L’institut Français me demande de fournir une attestation de mon assureur précisant explicitement je suis bien couvert pour 90 jours à montréal de septembre à décembre, par mon assurance civile, et par une assurance de rapatriement.

Normalement ça devrait être simple à obtenir ce type de certificat.

Et bien non.

Mon assureur c'est aussi ma banque, la BNP. Avec qui pourtant depuis 30 ans, j'ai toujours eut d'excellents rapports et qui m'a toujours aidé de façon avisée et efficace… grâce en particulier à ma banquière, qui aime bien les artistes, même désargentés.

Mais, cette fois ci, impossible de faire comprendre à mes interlocuteurs ma requête, je suis confronté, via le département d’assurance de la BNP, à une robotisation massive des êtres humains.

Systématiquement ils me proposent un certificat comme quoi je suis bien assuré à l’année, mais sans préciser explicitement que je suis bien couvert par mon assurance civile et pour un éventuel rapatriement pendant ma période de séjour de 90 jours au canada.

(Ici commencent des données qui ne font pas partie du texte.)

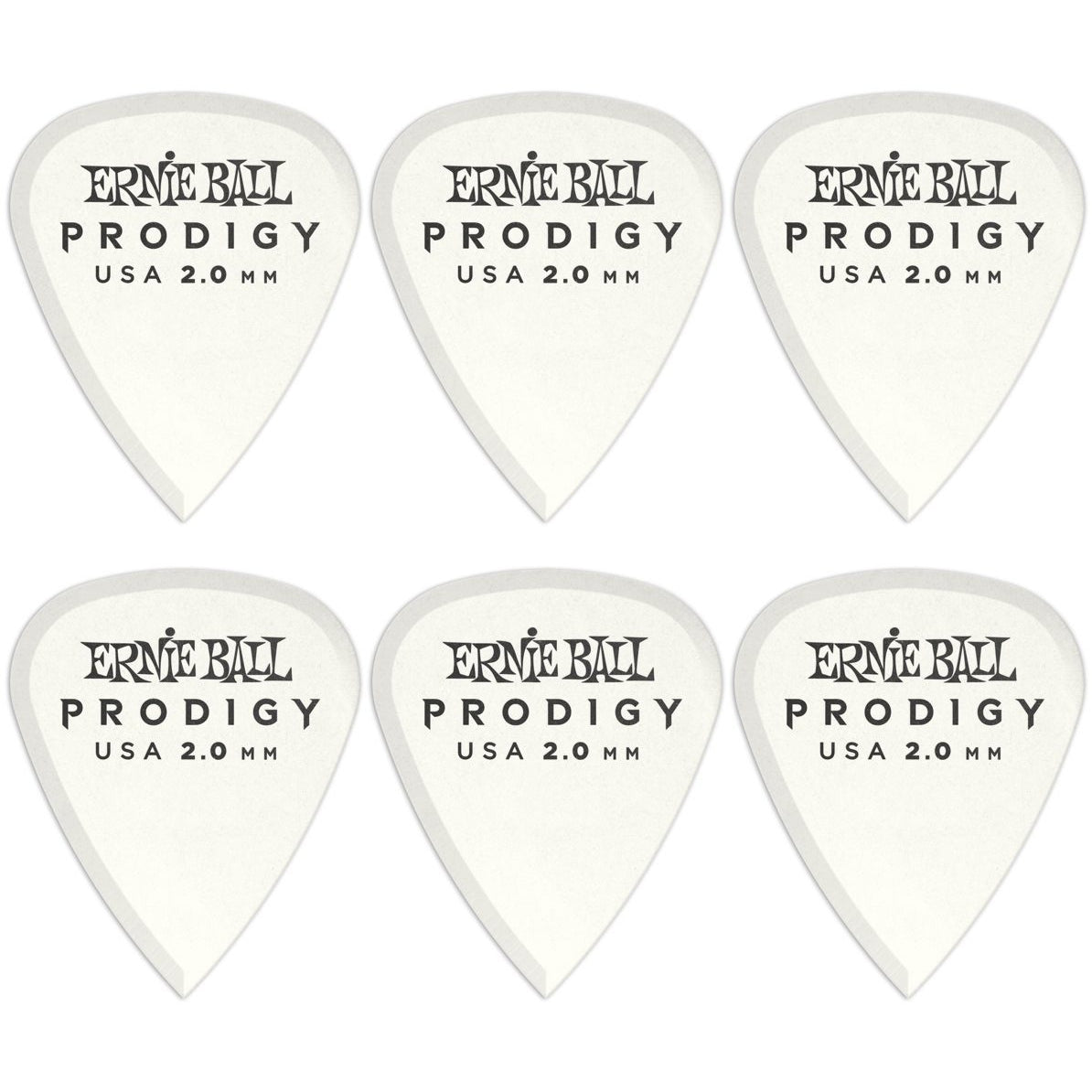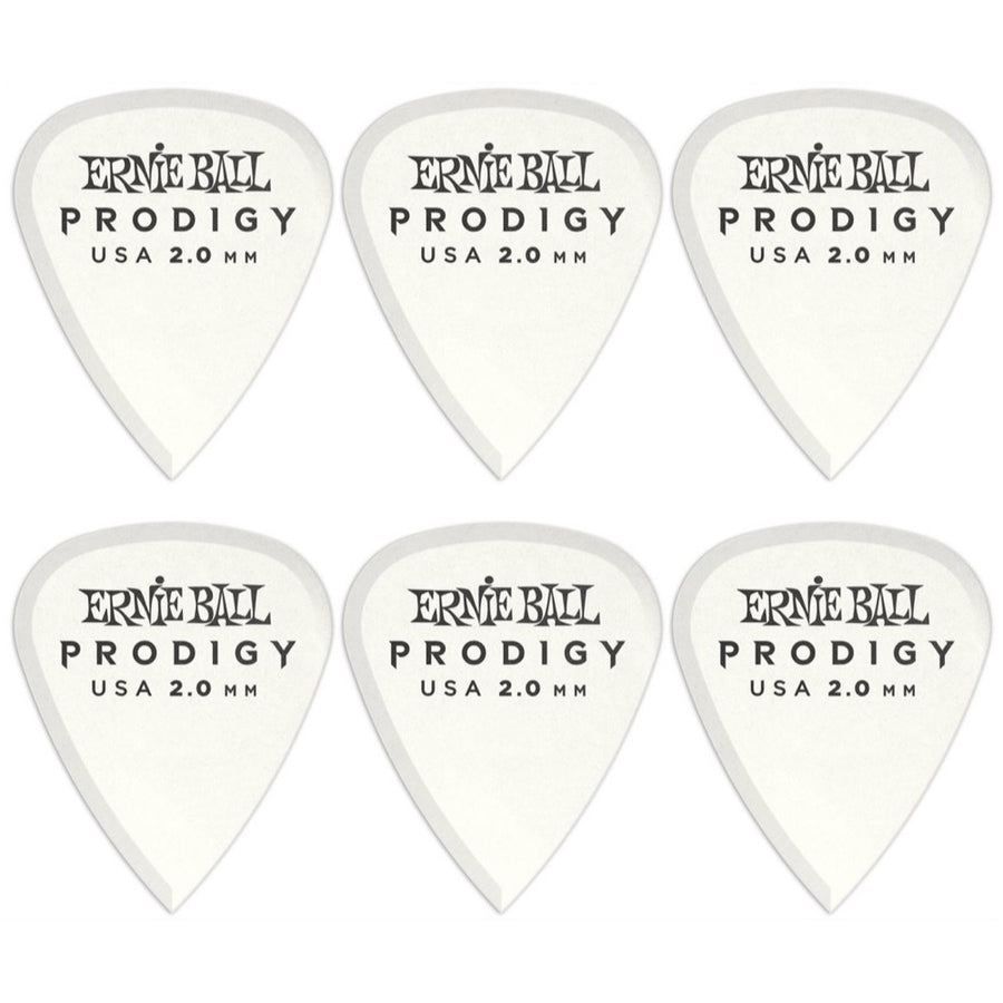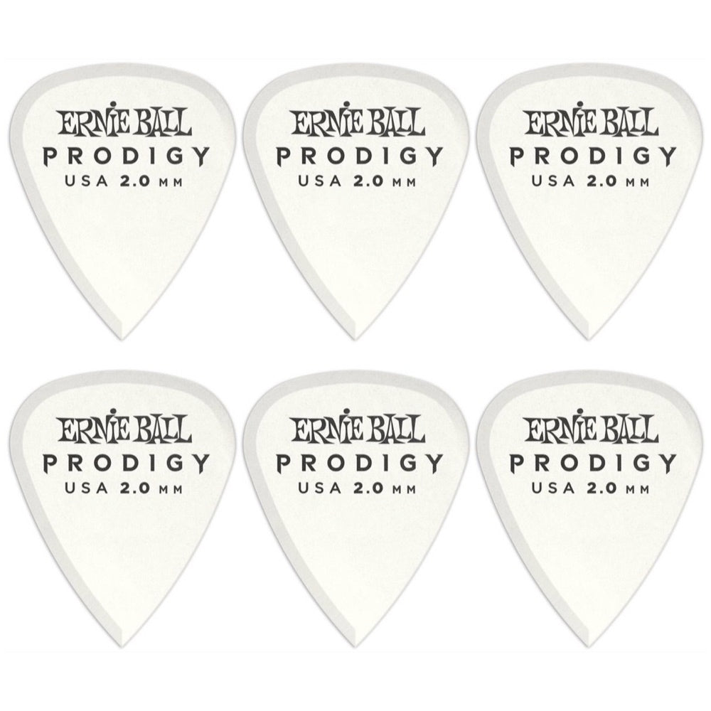 Ernie Ball Prodigy Standard Guitar Picks (6-Pack), White, 2.0mm

Sceptique au départ, ma banquière a bien du se rendre à l’évidence elle aussi qu’il y avait un dysfonctionnement, car elle a fait l’expérience désagréable devant moi d’être promenée d'interlocuteurs en interlocuteurs, qui, soit ne comprenaient pas la demande, soit renvoyaient à un autre correspondant tout aussi incapable de prendre la décision et responsabilité de rédiger cette attestation personnalisée. C’était presque un sketch humoristique. Ces Noo-pérégrinations de services en services finalement l’ont ramenée au premier interlocuteur.

Idem pour le service Premier Visa, qui est lui aussi enfermé dans un gouffre d’inflexibilité cybernétique.

Pour le rapatriement, ma carte visa premier est censée me couvrir. En appelant le service Visa Premier avec ma banquière, la personne au téléphone nous a expliqué qu’il suffisait d’aller sur le site de Visa Premier pour obtenir cette attestation.  https://visa-premier-assurances.cwisas.com/

Hélas, lorsque je m’y suis connecté  ,  le formulaire obtenu ne correspond pas non plus à ce qui est attendu par l’Institut Français, car nul part il n’est précisé dans leur modèle de formulaire fourni en ligne que mon rapatriement est pris en charge.

.L’’inflexibilité , le manque de versatilité et d’adaptativité des robots et des humains robotisés fait que je suis pris dans une boucle perverse…

Moi qui milite pour dédiaboliser les progrès techniques actuelles, dont je veux croire que l’évolution favorise l’émergeance d’une société plus tolérante et diversifiée grâce à une gestion de la diversité plus performante car informatisée, je me retrouve victime du processus de simplification pervers des systèmes et des humains qui les serve.

Finalement, conseillé par l’Institut Français,  j’ai pris une seconde assurance habitation à la Maif qui me coutera 250 euros, mais qui m’enverra aussitôt ces certificats d’assurance personnalisés par mail.

LE PASSEPORT BIOMÉTRIQUE.

LA VALISE

LA WII ET LE NOOMUSEUM

Luxe et misère du NøøNaute

Une chose étrange dans ma vie de nøønaute, qui semble être une constante récurrente chez la plupart des artistes,  c’est d’être en permanence à la limite de l’exclusion sociale par misère économique, tout en cotoyant quotidiennement les sphères du luxe et de l’argent. Ainsi, alors que je n’ai de ma vie jamais été dans une situation plus dramatique économiquement,  je viens de terminer de réaliser un carnet de voyage pour l’association européenne des villes thermales, qui m’a offerte un week-end quatre étoile, dans les hotels bains, et casinos d’Enghien, et la, je vais partir résider trois mois dans une superbe maison oeuvre d’art à montréal.

C’est comme s’il y avait une sorte de malédiction, ou punition induite, qui me faisait payer par la précarité économique, les extases de mes explorations nøønautiques sensuelles.